(Supplied data)
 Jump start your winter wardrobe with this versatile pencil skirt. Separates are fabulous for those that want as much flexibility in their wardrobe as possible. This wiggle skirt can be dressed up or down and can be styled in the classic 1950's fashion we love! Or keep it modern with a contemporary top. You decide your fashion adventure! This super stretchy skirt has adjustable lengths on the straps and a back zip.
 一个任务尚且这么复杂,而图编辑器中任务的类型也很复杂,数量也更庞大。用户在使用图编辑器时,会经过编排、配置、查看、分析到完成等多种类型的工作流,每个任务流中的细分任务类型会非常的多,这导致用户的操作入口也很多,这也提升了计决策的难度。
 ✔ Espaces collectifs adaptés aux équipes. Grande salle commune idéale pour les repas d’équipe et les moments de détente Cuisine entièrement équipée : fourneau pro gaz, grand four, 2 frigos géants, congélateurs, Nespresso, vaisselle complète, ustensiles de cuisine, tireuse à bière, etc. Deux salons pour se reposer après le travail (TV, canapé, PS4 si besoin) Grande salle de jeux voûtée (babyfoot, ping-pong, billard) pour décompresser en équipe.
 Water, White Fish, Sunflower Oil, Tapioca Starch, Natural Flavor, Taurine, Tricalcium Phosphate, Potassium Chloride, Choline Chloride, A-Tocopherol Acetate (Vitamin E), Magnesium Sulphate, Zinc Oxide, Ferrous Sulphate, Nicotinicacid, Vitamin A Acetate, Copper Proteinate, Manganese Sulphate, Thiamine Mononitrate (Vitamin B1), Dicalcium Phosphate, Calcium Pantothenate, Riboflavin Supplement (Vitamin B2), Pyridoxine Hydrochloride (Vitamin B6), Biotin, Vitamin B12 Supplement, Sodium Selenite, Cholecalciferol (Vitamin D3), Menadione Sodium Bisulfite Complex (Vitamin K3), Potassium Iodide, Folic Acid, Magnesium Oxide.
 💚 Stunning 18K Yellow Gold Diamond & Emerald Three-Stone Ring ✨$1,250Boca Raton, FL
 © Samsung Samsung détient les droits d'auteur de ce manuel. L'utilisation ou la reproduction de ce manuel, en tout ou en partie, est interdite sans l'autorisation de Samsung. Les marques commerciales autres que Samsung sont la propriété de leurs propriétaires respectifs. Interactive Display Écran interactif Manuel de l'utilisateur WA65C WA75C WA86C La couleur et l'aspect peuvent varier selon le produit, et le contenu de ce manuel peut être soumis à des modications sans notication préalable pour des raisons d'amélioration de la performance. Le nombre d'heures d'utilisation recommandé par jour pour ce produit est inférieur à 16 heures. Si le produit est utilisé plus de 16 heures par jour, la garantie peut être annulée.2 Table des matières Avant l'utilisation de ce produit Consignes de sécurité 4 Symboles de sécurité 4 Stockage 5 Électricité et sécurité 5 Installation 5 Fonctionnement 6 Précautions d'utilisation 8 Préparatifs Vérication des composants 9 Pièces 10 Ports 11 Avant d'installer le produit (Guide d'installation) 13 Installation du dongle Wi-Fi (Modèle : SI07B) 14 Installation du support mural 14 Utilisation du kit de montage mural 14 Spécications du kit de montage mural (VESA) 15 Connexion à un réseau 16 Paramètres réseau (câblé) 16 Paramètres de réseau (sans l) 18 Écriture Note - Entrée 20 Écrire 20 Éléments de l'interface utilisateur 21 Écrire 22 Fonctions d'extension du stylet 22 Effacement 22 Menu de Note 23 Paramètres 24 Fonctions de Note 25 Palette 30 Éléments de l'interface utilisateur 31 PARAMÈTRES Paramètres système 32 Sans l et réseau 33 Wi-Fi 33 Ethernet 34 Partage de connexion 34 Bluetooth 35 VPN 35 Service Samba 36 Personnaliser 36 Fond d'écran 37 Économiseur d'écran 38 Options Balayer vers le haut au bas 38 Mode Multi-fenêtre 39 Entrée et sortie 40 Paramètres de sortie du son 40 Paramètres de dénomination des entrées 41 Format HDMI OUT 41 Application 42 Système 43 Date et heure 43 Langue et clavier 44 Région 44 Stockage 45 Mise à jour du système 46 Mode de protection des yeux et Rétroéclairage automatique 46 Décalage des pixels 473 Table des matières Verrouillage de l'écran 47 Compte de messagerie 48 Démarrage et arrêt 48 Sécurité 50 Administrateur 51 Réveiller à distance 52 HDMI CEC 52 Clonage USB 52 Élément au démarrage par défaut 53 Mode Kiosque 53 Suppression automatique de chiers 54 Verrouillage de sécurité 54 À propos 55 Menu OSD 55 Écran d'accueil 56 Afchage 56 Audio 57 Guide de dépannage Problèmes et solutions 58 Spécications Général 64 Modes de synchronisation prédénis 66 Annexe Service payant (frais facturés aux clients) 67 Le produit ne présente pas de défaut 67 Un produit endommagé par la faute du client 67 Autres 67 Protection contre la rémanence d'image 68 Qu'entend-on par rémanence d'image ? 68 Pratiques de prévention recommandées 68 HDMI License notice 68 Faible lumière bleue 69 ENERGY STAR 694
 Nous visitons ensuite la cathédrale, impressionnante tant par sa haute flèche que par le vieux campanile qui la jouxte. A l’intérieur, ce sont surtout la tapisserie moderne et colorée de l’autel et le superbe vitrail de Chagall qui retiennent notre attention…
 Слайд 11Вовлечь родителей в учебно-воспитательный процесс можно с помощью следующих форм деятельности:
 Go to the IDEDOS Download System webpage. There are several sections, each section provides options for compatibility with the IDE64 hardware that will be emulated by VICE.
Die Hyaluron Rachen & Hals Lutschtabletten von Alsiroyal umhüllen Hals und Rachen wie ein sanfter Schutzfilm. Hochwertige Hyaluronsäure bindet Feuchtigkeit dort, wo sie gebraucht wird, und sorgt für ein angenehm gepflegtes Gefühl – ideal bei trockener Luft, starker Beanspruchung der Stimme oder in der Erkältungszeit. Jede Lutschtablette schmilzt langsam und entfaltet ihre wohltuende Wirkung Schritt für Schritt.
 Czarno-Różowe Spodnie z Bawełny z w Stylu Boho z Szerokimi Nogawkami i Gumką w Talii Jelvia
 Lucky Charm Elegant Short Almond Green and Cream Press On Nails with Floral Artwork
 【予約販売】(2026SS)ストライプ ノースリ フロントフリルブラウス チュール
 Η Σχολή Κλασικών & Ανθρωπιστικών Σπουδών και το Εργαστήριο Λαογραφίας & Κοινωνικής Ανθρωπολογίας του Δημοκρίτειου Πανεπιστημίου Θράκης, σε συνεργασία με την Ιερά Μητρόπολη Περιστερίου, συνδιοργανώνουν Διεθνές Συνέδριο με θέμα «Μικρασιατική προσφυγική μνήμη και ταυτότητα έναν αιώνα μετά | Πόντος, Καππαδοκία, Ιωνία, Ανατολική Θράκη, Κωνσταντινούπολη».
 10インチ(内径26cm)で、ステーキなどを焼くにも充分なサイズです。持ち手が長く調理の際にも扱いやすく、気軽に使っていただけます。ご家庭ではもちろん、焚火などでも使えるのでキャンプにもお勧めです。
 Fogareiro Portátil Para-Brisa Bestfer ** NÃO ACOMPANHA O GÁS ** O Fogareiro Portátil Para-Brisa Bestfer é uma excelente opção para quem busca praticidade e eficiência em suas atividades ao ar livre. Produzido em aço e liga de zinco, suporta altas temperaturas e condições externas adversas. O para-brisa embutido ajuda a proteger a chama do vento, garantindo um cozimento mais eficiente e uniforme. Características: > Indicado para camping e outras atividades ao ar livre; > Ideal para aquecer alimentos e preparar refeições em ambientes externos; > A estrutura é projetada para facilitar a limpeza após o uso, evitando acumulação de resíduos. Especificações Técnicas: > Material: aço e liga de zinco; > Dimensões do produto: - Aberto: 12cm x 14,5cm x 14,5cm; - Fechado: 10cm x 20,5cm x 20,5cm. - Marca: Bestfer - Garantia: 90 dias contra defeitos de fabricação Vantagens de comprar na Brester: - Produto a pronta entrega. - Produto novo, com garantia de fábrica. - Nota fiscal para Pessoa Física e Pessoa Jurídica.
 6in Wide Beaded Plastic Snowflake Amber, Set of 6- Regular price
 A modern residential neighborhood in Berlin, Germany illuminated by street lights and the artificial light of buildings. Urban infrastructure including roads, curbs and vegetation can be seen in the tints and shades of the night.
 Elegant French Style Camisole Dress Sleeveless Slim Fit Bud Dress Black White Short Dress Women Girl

(What the task requires)
The answer must consist of every line from the entries above that contains "Short".

(Exercise output)
 Lucky Charm Elegant Short Almond Green and Cream Press On Nails with Floral Artwork
 Elegant French Style Camisole Dress Sleeveless Slim Fit Bud Dress Black White Short Dress Women Girl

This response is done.